Crippling student debt is becoming a bigger obstacle to economic growth by the day, and predatory for-profit colleges are increasingly – and disproportionately – responsible for its rise. Some Democrats want to eliminate this debt altogether, others are attempting to only mitigate it. Republicans are mostly determined to ignore it. Trump – stepping over the line from everyday awfulness into the realm of cartoonish super-villaiiny – is personally guilty of exploiting it.
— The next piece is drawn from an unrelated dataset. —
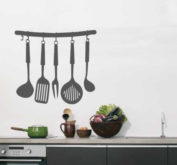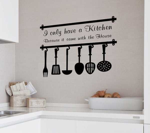- The use of thematic stickers is one of the most democratic and affordable ways of decorating walls in the kitchen. Today, manufacturers offer hundreds of drawings: complex and simple, multi-color and monochrome, funny and sophisticated – to create a unique atmosphere in the kitchen.
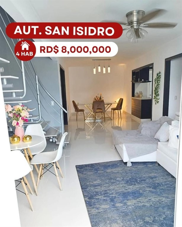 ??Amplio y ventilado PENTHOUSE de 168.85 Mt2, EN VENTA EN LA AUT. DE SAN ISIDRO, Residencial cerrado con Acceso controlado, a pocos minutos de centros comerciales, clínicas y hospitales, centros educativos Y Entidades Bancarias. DESCRIPCION: 1er Nivel * 3 Habitaciones principal con Walking Closet y Baño * 2 Baños * Recibidor * Sala * Cocina * Comedor * Balcón * Área de Lavado * 1 Parqueo 2do Nivel: * 1 Habitación con su baño * Terraza techada AMENIDADES: * Gazebo * Área de Gimnasio * Seguridad 24 horas * Parqueo para Visitas Mantenimiento RD$ 3,000

Lately, Trump has taken to wooing the disaffected Bernie-or-Bust crowd. It isn’t going well, but at least one common thread links Trump supporters and those of Bernie Sanders: both possess a not-unfounded sense of being denied a crack at the American dream. What’s so stunning and cynical about enterprises like Trump U is that this very faith in the dream’s existence is what’s being dangled in front of people’s faces. It’s the bait. And that lure is ruining the financial future of real people, people like the ones I met and taught. While Sanders is finished as a candidate, one of his more popular proposals was taxpayer-funded college for anyone who wants it. Whatever one may think of its practicality, the idea was meant as a fix for societal ills: make Americans globally competitive again academically, eliminate the burden of student debt on America’s workforce, and create more opportunities for those with the least resources. The idea was a part of a plan to make the dream tangible again, for everyone. For Trump, hustling suckers is the American dream.